Chen Kubani: Here in Komodor, you can see full visibility for each cluster. In this example, we see drift violations in the production cluster. We can drill down and view specific packages. Even across multi-cloud, you can choose which clusters and packages to monitor. For instance, if we check the Komodor agent package, we compare its presence and configuration across all clusters. Here we see one deployment has an older image and different CPU settings. When we analyze it, Komodor tells us why: a failed deploy due to a container registry issue. This closes the loop — not just what drifted, but why, and how to fix it. You can define your baseline, targets, packages, and the specific attributes to track. And you’ll get alerts and dashboards highlighting any violations. That’s the demo!
Ilan Adler: Thanks Chen — great demo. That’s a quick overview of Komodor’s drift management features. Let’s open it up for questions. We demoed this a lot at KubeCon London recently. One question that kept coming up: “We intentionally have differences between staging and production. How does Komodor handle that?”
Chen Kubani: Great question. I’ll start with the general best practices and then explain how we handle it in Komodor. The key is to define separate baselines and alerts for different environments. If your staging setup uses lower memory, define that as the baseline for staging. For production, set different expectations. Komodor lets you do this easily — based on naming patterns, regions, or custom tags. You can define alerts specific to each environment and track only the attributes that matter in that context.

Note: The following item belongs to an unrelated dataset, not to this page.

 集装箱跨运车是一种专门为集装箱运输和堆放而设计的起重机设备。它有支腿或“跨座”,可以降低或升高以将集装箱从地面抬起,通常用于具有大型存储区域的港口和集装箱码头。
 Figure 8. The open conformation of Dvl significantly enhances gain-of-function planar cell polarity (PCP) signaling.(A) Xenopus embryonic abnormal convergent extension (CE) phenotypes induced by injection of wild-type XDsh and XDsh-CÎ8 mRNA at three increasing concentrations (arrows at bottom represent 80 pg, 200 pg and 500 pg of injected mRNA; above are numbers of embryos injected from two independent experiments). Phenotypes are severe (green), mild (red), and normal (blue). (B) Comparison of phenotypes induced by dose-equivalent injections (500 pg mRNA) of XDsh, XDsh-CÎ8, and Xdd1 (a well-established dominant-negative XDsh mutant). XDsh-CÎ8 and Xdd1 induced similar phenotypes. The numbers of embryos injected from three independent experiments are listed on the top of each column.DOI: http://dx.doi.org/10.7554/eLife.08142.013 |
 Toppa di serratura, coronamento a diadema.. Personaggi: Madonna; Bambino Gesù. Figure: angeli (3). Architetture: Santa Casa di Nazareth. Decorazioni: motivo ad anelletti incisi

Ilan Adler: That leads into another question we get: what about hybrid environments — like when customers have a mix of on-prem and cloud clusters across regions?
Chen Kubani: That’s a great one. Kubernetes resources work similarly across environments, but hybrid setups introduce more inconsistency — which increases drift risk.

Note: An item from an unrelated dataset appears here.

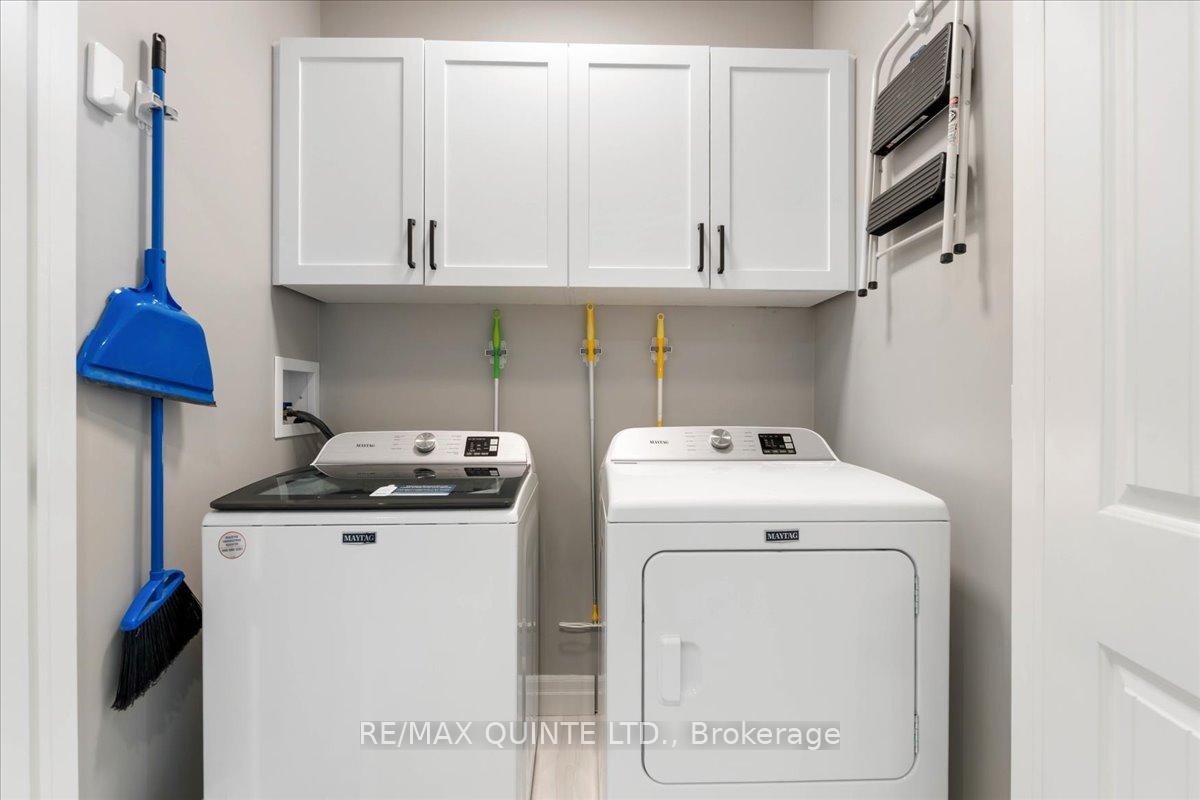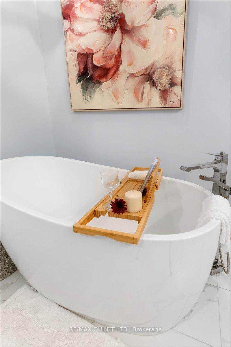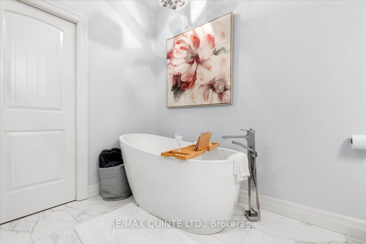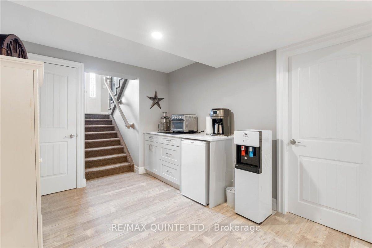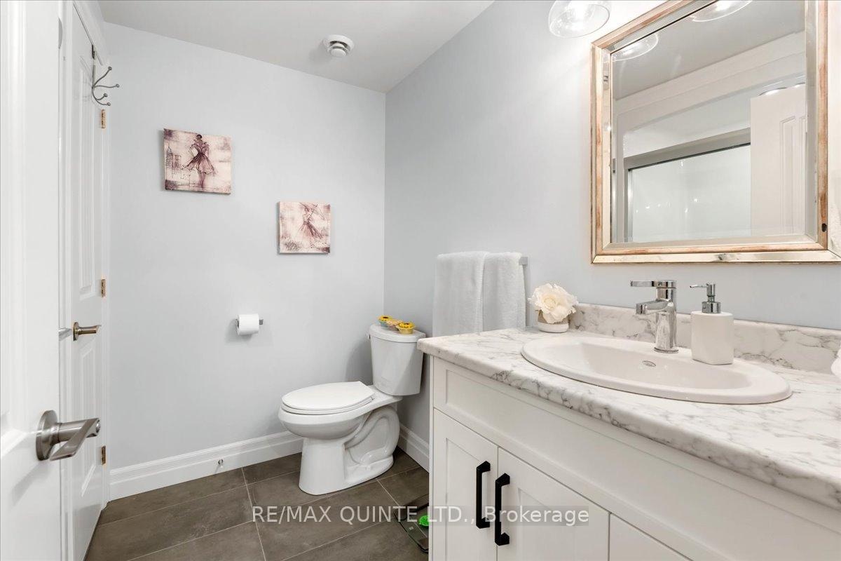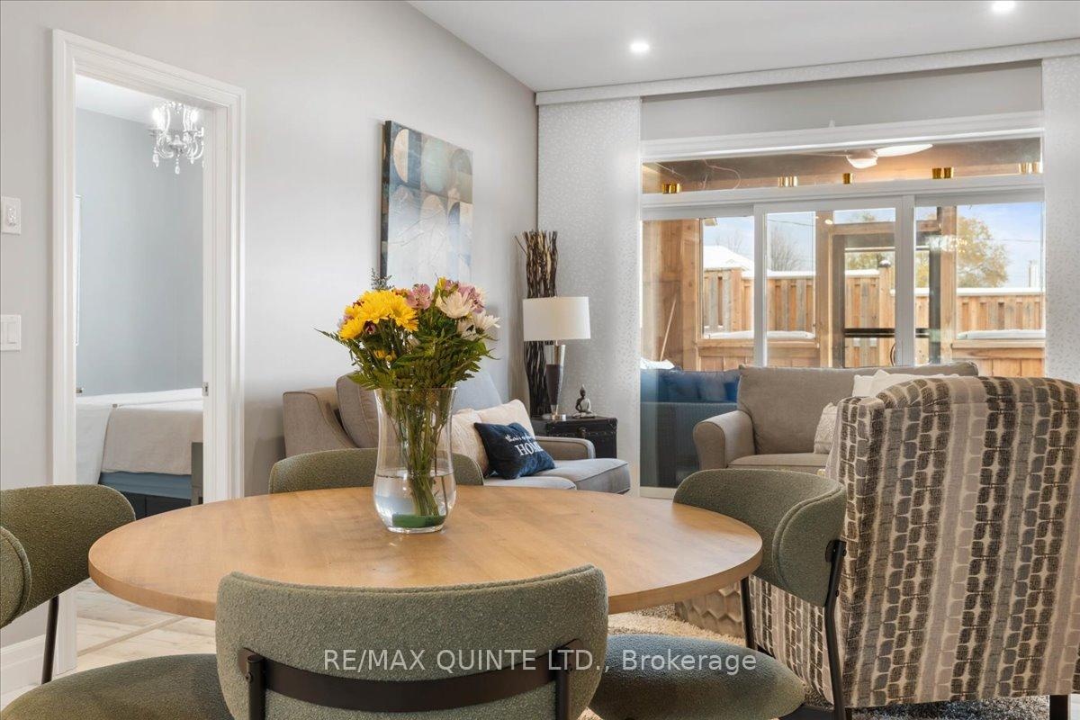 Modern Comfort Meets Country Calm in Stirling. Welcome to this stunning end-unit townhome-a rare find tucked into a quiet cul-de-sac surrounded by nature and beautiful views of the Oak Hills. Thoughtfully upgraded and meticulously maintained, this home blends modern convenience with peaceful, easy living just minutes from all Belleville and Quinte West amenities while taking in the small town charm and history in Stirling. You will notice the impressive curb appeal, with a paved driveway offering parking for four vehicles and inside entry to a fully finished garage-complete with its own water spout for easy cleaning. Step inside to a spacious foyer and an open-concept main floor with warm finishes and natural light throughout. The designer kitchen features ceiling-height cabinetry, a central island, and a built-in buffet. Enjoy extended space for entertaining during holiday meals that flows seamlessly into the dining area-perfect for gatherings. The living room features a vaulted ceiling, a cozy gas fireplace with stone surround, and large patio doors leading to a screened-in sunroom where you can unwind and take in the panoramic views. The primary bedroom offers a spa-inspired semi-ensuite with heated floors, a deep soaker tub, and a tiled glass shower. A separate den or guest room sits conveniently beside the main bath-ideal for a home office. Downstairs, the fully finished lower level offers a spacious rec room, a second built-in buffet perfect for a coffee or cocktail bar, a large guest bedroom with walk-in closet, and a full 3-pc bath. Extra features include a Kohler generator, tankless water heater (owned), gas BBQ hookup, Levolor blinds water softener and backup hydro to the garage door-plus a partially fenced yard for added privacy. Move-in ready and filled with thoughtful upgrades, this home offers the best of low-maintenance living in a quiet, sought-after Stirling neighbourhood.

Drift detection helps unify monitoring across those diverse platforms and ensures configuration consistency — whether you’re running on-prem or in the cloud. But again, you’ll need to define what “consistent” means for your setup and invest some time in configuration.
In Komodor, it’s easy. Without it, you’d need custom scripts and tooling.

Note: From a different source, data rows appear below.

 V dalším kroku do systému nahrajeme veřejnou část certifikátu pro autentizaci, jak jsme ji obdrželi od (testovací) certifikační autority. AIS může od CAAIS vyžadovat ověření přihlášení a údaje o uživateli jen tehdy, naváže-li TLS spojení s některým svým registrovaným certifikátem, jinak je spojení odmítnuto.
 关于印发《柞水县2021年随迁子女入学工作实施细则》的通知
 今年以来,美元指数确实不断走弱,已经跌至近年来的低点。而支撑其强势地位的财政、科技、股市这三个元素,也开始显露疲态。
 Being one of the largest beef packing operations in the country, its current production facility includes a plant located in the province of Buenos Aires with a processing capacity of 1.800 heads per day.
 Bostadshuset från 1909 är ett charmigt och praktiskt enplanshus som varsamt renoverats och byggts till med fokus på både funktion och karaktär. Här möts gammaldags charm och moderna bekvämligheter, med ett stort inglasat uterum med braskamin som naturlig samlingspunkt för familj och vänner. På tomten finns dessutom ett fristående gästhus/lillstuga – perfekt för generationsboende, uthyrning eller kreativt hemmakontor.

Ilan Adler: One last one — and final call for any remaining questions. Chen, you mentioned earlier that GitOps isn’t always enough. Do we have other examples of where GitOps falls short?
Chen Kubani: Yes — this comes up a lot.Platform teams usually understand GitOps won’t catch everything. Failed deploys, CI/CD errors, and multi-cluster applications don’t always surface in Git. Everything can look fine in Git — but still be broken in production. And unless there’s awareness — unless developers and platform teams know to check for drift — it’s easy to miss. That’s why it’s so important to bake this into your troubleshooting and monitoring processes.
Ilan Adler: Exactly. And like we said, this usually becomes a real issue at scale. When you’re managing just a few clusters, it’s manageable. But once you scale up — drift becomes a real problem. Alright, I think we’re out of questions. If anyone has more, feel free to email us. You’ll get the recording and slides shortly. Thanks again to Chen for walking us through this. Wishing everyone a good night or great rest of your day. Cheers!
Chen Kubani: Thank you all! Reach out any time — we’re here to answer your questions or follow up. Bye!